Panie Wiesławie... A ja dziś zaglądnęłam raz jeszcze do wspomnianego czasopisma "Zew Rzeszowa" i tam piszą o dwóch odciskach pieczętnych, ale żaden nie pochodzi z XIV wieku... Najstarszy datują na koniec XV wieku [tłok], bo samą pieczęć odbito na dokumencie z lat 1564, 1674 i 1770. A ta druga odbita jest wprawdzie wcześniej [1535 i 1536], ale „wiekowo” jest młodsza od poprzedniej. Nigdzie nie natrafiłam na wspomnienie pieczęci z XIV w. Jeśli takowa faktycznie istnieje to bardzo proszę o załącznik
A teraz jeszcze o kolorach i krzyżach… [Wprawdzie Tomasz ma rację pisząc, iż dyskusja ta jest akademicka, ale mi się podoba…
Artykuł Franciszka Kotuli z roku 1936 jak i Emila Bieleckiego z 1937 zamieszcza i propaguje tezę o krzyżu maltańskim na niebieskim tle.
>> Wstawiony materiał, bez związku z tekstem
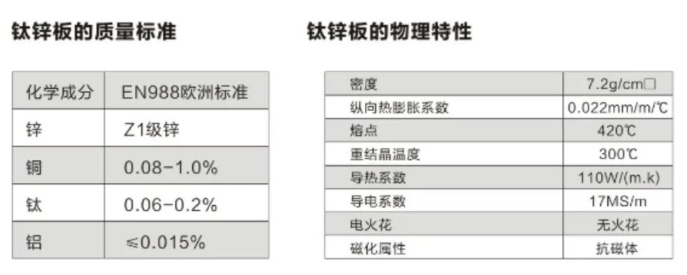 由高纯度的Z1级别的金属锌与少量的金属钛(约0.06~0.2%)、金属铜(约0.08~1.0%)及金属铝(约≤0.015%)熔炼而成合金,经辊轧处理成片、条、板或卷状的建材板。

Natomiast artykuł autorstwa Adama Kamińskiego z roku 1937 bardzo szczegółowo tłumaczy ten drugi wariant: krzyż rycerski i czerwone tło…
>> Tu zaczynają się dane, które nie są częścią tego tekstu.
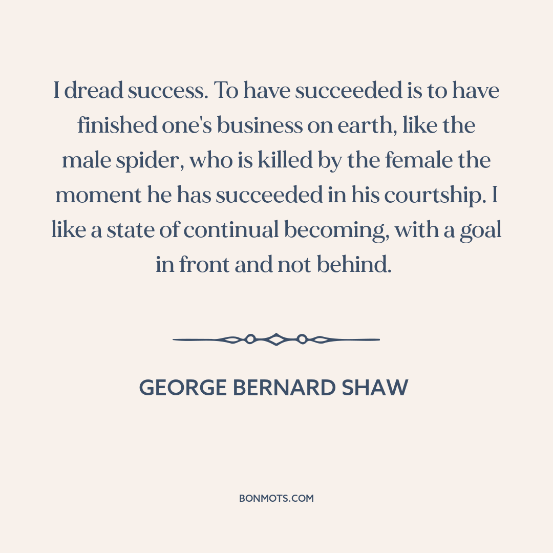 I dread success. To have succeeded is to have finished one's business on earth, like the male spider, who is killed by the female the moment he has succeeded in his courtship. I like a state of continual becoming, with a goal in front and not behind.

Robert poddał w wątpliwość ważność Piotra Kmity. Otóż nie upieram się, że inni byli mniej ważni, ale akurat on nie był takim sobie epizodem. Otóż ten mąż jednej z córek Jana Pakosławica, Katarzyny odegrał wielką rolę w historii naszego miasta. Jest on wystawcą pierwszego znanego nam dokumentu dziedzica z roku 1427 na rzecz Rzeszowa. W nim to potwierdził ogólne prawo magdeburskie dla miasta, nadał błonia między Wisłokiem a Ruską Wsią, prawo budowy kramów, sprzedaży wina, ustalił różne czynsze itp. Ten wspomniany dokument przedstawia Rzeszów jako już miasto zorganizowane. Więc wkład Piotra Kmity wcale nie był taki mały. No i właśnie to zorganizowanie miasta ukazywało jakby potrzebę posiadania pieczęci. Najprościej było sięgnąć do gotowego wzoru. I jak to z reguły bywało sięgano do klejnotu dziedzica miasta – gwarantowało to znak rozpoznawczy dla danego miasta. Do wyboru były trzy herby – [tylu było dziedziców – syn Jana i jego dwie zamężne córki]. Widocznie doceniono zasługi Kmity, bo to z jego herbu wzięto element, który znalazł się na pieczęci. Dodatkowym atutem przemawiającym za uszczerbaną Śreniawą przemawiał fakt, iż krzyż był ogólnie czczonym symbolem chrześcijańskim, co wzmacniało jakby powagę opieczętowanego nim dokumentu.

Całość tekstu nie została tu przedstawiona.